[RECORDS TO PROCESS]

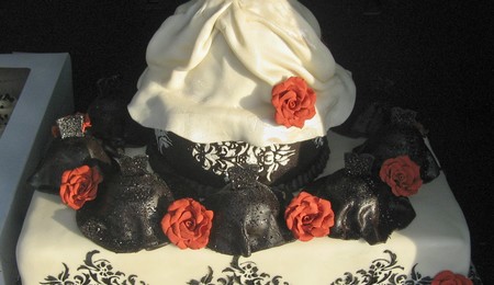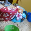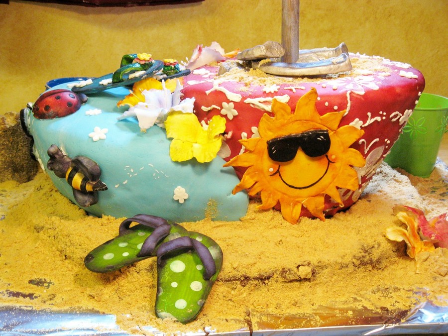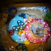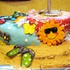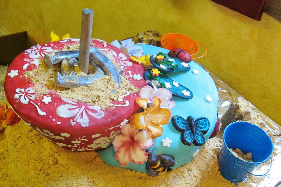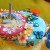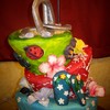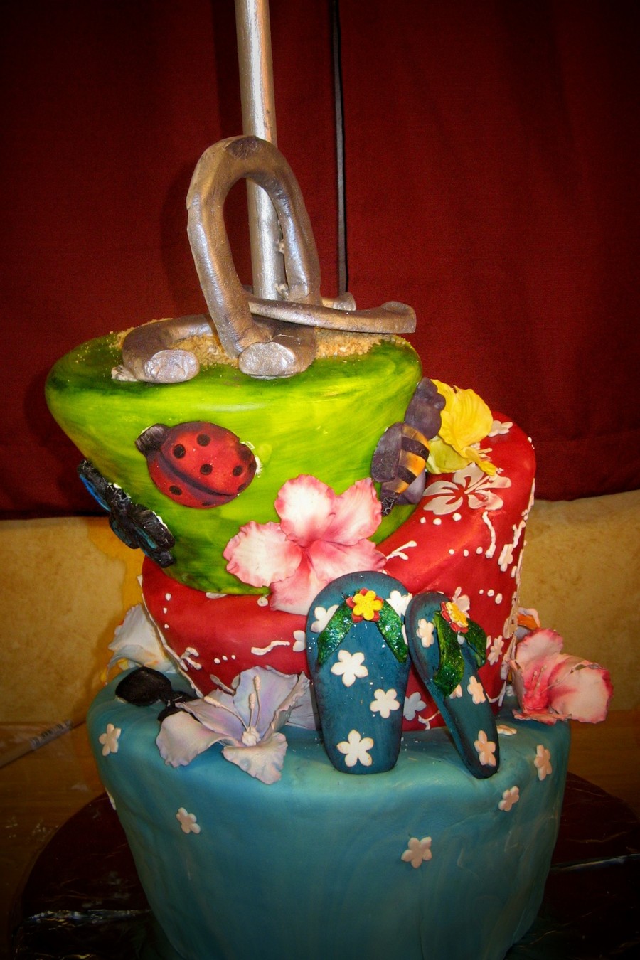 This started off as a topsy turvy cake which ended in disaster. This if the "repaired" version in which I had to change the layout. It was heart breaking but the end product wasn't so bad...Just not what I had planned on :(
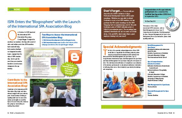 The first of its quarterly acknowledgments in Pulse, ISPA would like to congratulate the following industry professionals and educational institutions with students who have passed the Retail Management for Spas Exam, Spa: A Comprehensive Introduction Exam, Risk Management for Spas Exam and Financial Management for Spas Exam during the 3rd Quarter of 2012. The well-deserved certification of completion is an indication of the industry professionals’ or educational institutions’ dedication to furthering their own or their student( s) spa industry knowledge and competency.
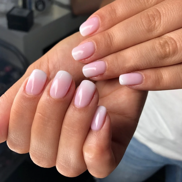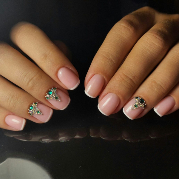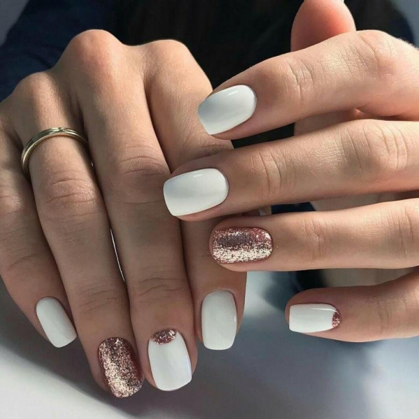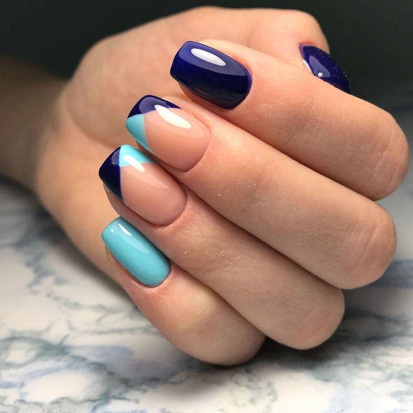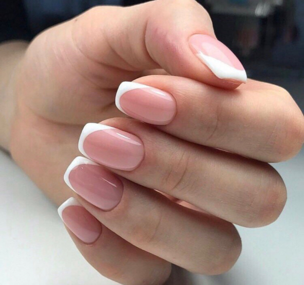 На коротких ногтях красиво смотрятся двухцветные варианты маникюра.
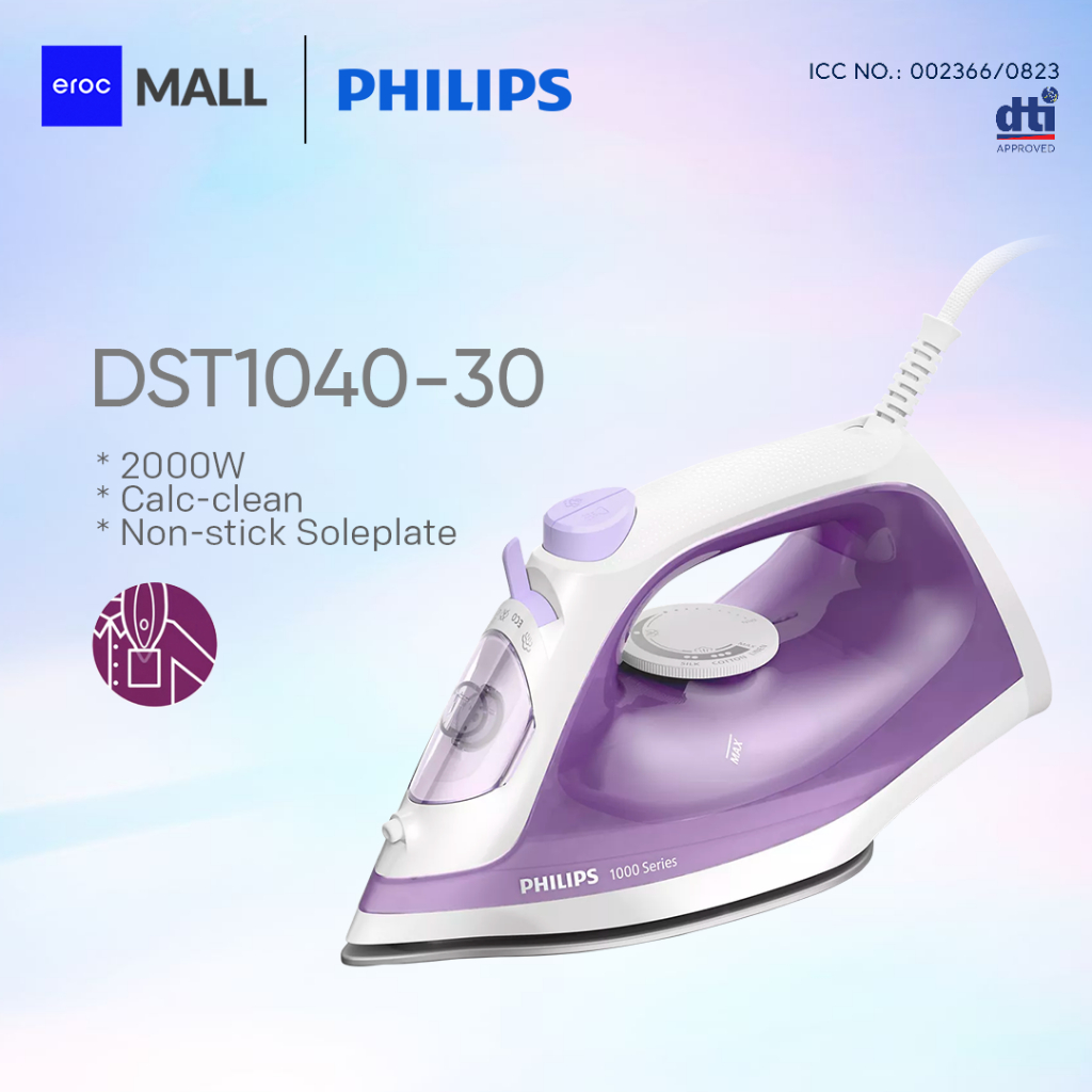 Philips DST1040/30 Non-Stick Soleplate Calc Clean Garment Care Steam Iron 2000w - 250ml
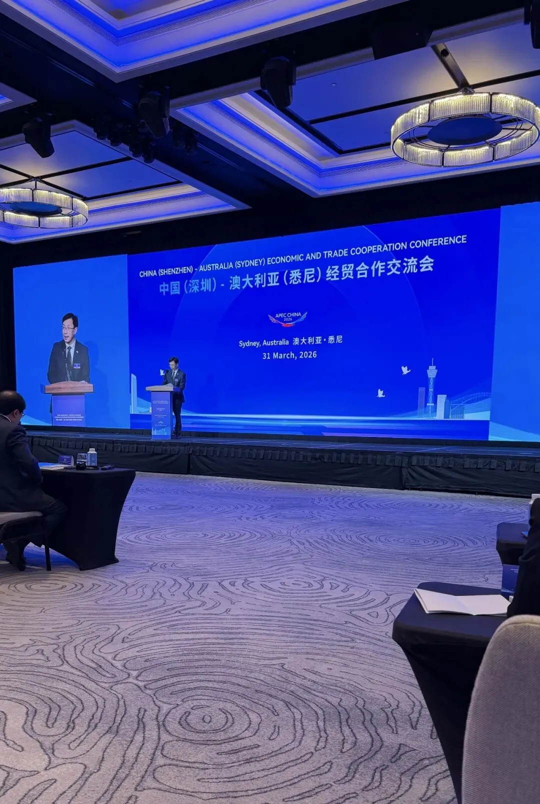 2026年3月31日,中国(深圳)-澳大利亚(悉尼)经贸合作交流会在悉尼四季酒店举行,旨在深化两地务实合作,共谋发展新机遇。深圳市政府市长覃伟中、中国驻悉尼总领馆参赞叶威、澳大利亚贸易投资委员会负责人Craig Young等政商界代表出席。
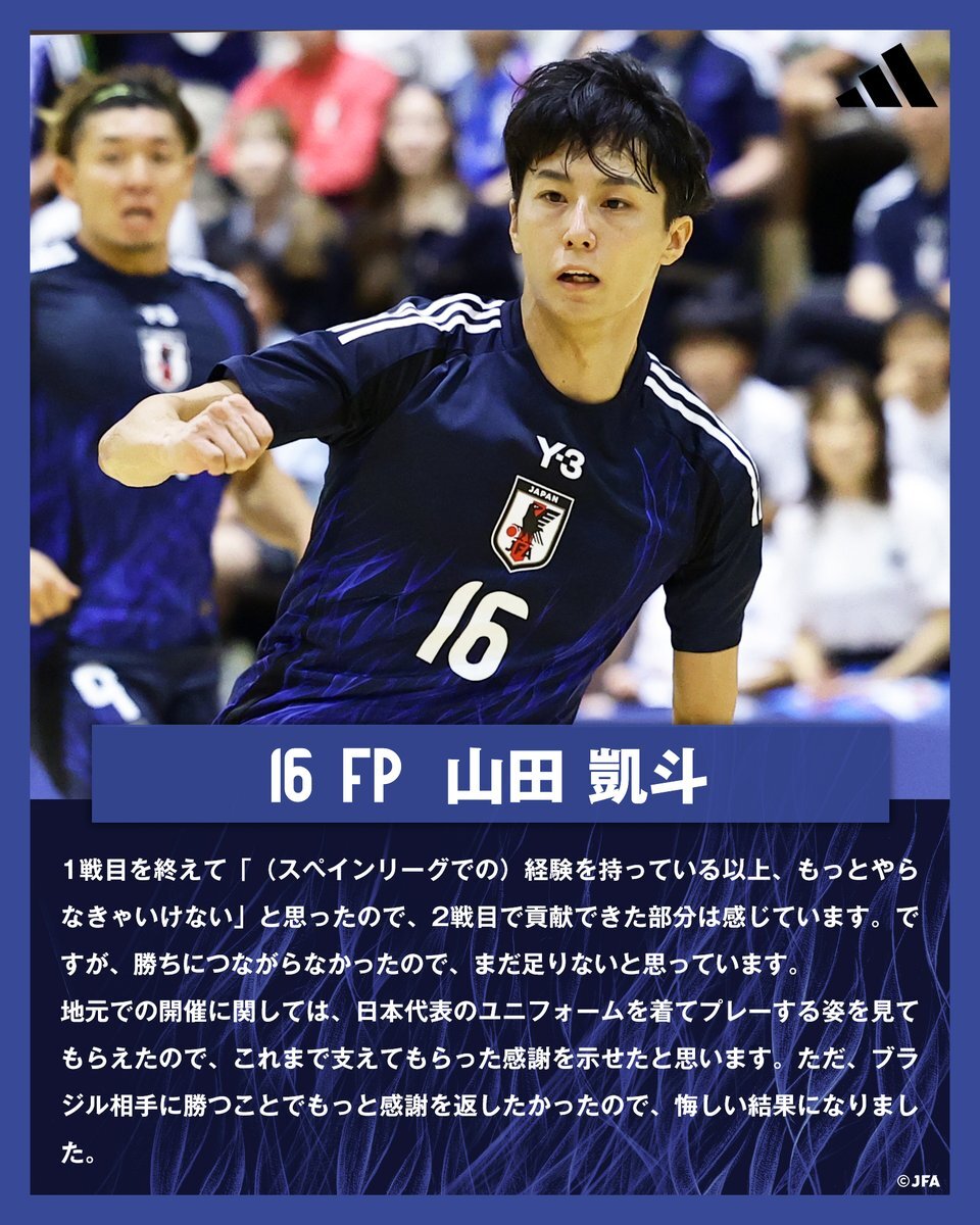 🔹フットサル日本代表🔹 【2025.10.19 試合後コメント✍️】 16 FP #山田凱斗(しながわシティ) #adidasFootball #夢への勇気を #フットサル日本代表 #jfa #daihyo #フットサル pic.x.com/KADZjQVzDE

[/RECORDS TO PROCESS]

Every line above is to be reproduced verbatim, and the pictures are to be omitted.

▶ WRITTEN REPLY
 This started off as a topsy turvy cake which ended in disaster. This if the "repaired" version in which I had to change the layout. It was heart breaking but the end product wasn't so bad...Just not what I had planned on :(
 The first of its quarterly acknowledgments in Pulse, ISPA would like to congratulate the following industry professionals and educational institutions with students who have passed the Retail Management for Spas Exam, Spa: A Comprehensive Introduction Exam, Risk Management for Spas Exam and Financial Management for Spas Exam during the 3rd Quarter of 2012. The well-deserved certification of completion is an indication of the industry professionals’ or educational institutions’ dedication to furthering their own or their student( s) spa industry knowledge and competency.
 На коротких ногтях красиво смотрятся двухцветные варианты маникюра.
 Philips DST1040/30 Non-Stick Soleplate Calc Clean Garment Care Steam Iron 2000w - 250ml
 2026年3月31日,中国(深圳)-澳大利亚(悉尼)经贸合作交流会在悉尼四季酒店举行,旨在深化两地务实合作,共谋发展新机遇。深圳市政府市长覃伟中、中国驻悉尼总领馆参赞叶威、澳大利亚贸易投资委员会负责人Craig Young等政商界代表出席。
 🔹フットサル日本代表🔹 【2025.10.19 試合後コメント✍️】 16 FP #山田凱斗(しながわシティ) #adidasFootball #夢への勇気を #フットサル日本代表 #jfa #daihyo #フットサル pic.x.com/KADZjQVzDE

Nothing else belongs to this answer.